4.1.9.2 Performing Database Upgrades Using Transportable Tablespace

If you cannot use SQL Apply because of data type conflicts, and testing shows that upgrading with DBUA cannot meet uptime requirements, then consider using the transportable tablespace solution to upgrade your database.

To use the transportable tablespace feature to upgrade an Oracle database:

  1. Install Oracle Database software on the destination system and perform the initial steps on the source database to prepare for the transport process.

  2. Prepare the source and destination databases:

    1. Gather information from the source database.

    2. Create the destination database with Database Configuration Assistant (DBCA).

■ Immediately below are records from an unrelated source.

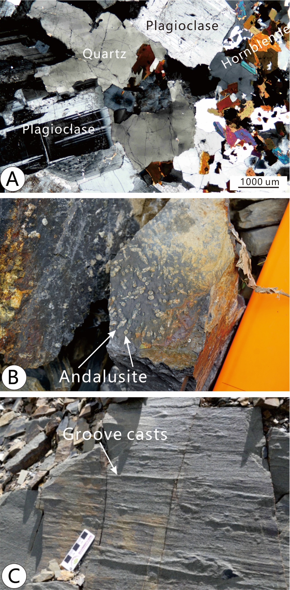 Figure 3. (A) Typical photomicrographs of the Yidun magmatic rocks; (B)Andalusite hornfels formed by intrusive contact between granite and Triassic strata; (C) Sole structures of Triassic turbidites.
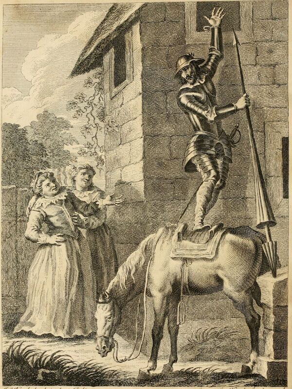 Don Quixote, hung by his hand tied to the window of the inn, stands on Rocinante while Maritornes and the innkeeper’s daughter observe him from the courtyard. The illustration is not an accurate representation: in the text, Maritornes and the innkeeper’s daughter watch from the window before leaving him. Plate no. 24, signed by J. Vanderbank (illustrator) and G. van der Gucht (engraver). Vol. 1, book 4, ch. 16.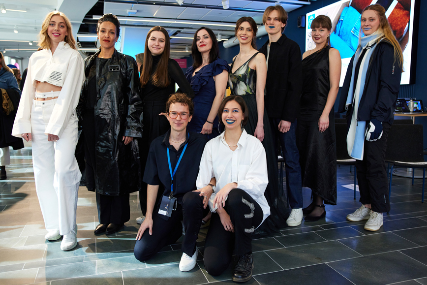 Sminket som modellerna i catwalken har smyckats med är specifikt framtaget för modevisningen. Företaget bakom det heter Ellure, som är en startup från KTH som vill minska överproduktion i kosmetikabranschen. Deras läppstift är 3D-printat, berättar Katarina Lindmark, en av modellerna som går andra året på internationella kandidatprogrammet i informations och kommunikationsteknik på KTH.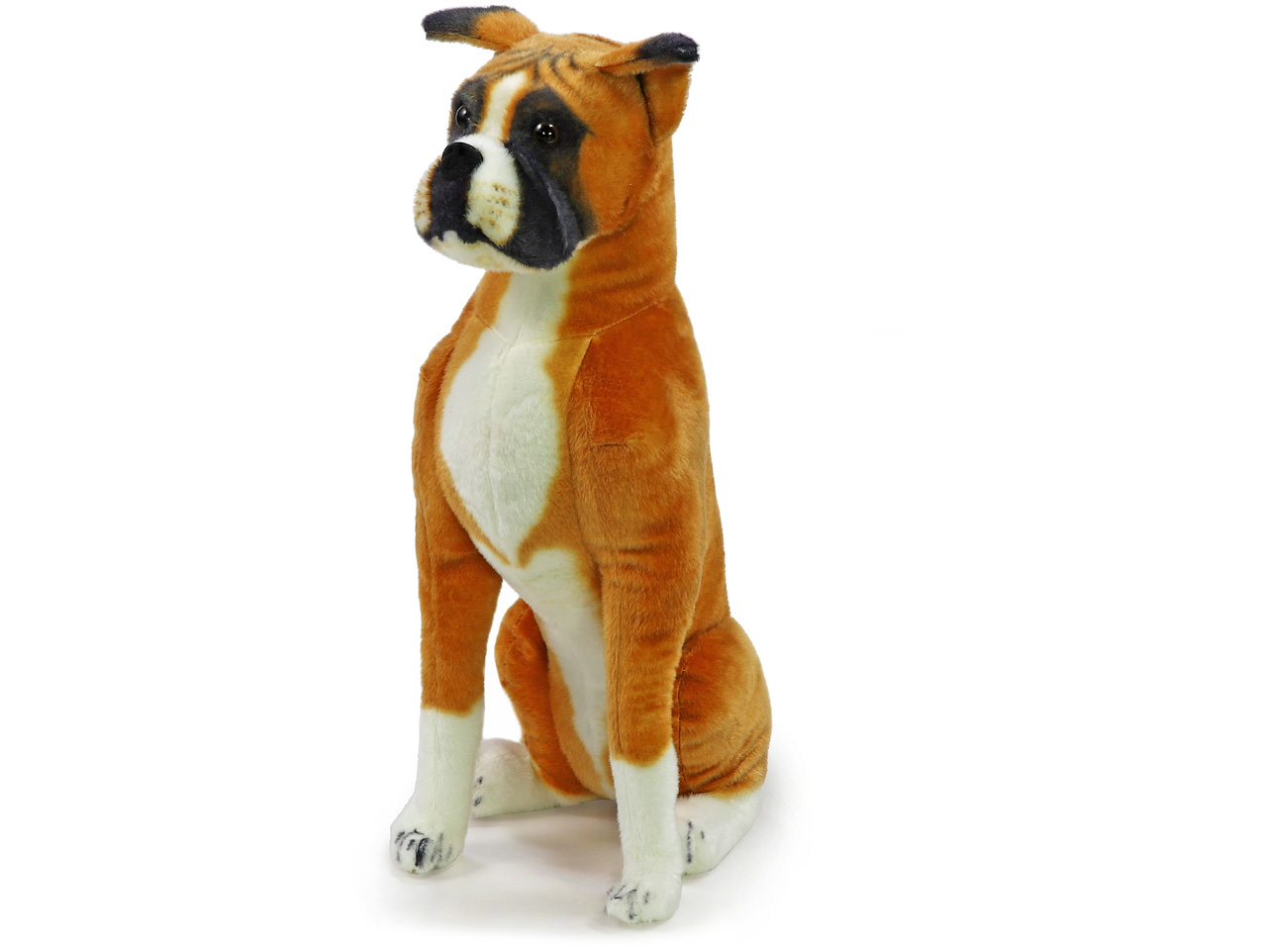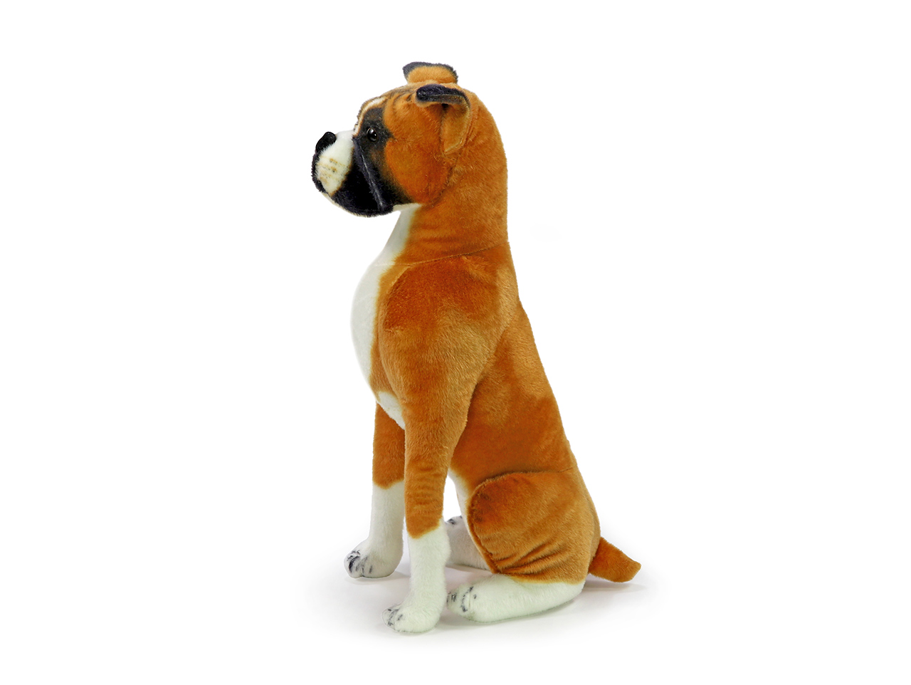 Kde sa tu vzal ten pes? Aha, to je iba plyšák. Tak presne túto situáciu budete s naším plyšovým psom boxerom zažívať často. Je tak skutočný, že jeho plyšovú povahu rozoznáte až pri bližšom stretnutí. Pretože je jeho srsť jemnejšia ako srsť skutočného psa, bude ono blízke stretnutie veľmi príjemné. Celý popis

    3. Prepare the destination database for Oracle Data Pump usage and to accept the tablespaces being transported.

  3. Transport the user tablespaces:

    1. Ready the source database for transport by disconnecting users and restricting access to the source database, making all user tablespaces READ ONLY, and capturing sequence starting values from the source database.

    2. Transport the user tablespaces.

  4. Verify that the destination database is complete and functional, and then back up the destination database.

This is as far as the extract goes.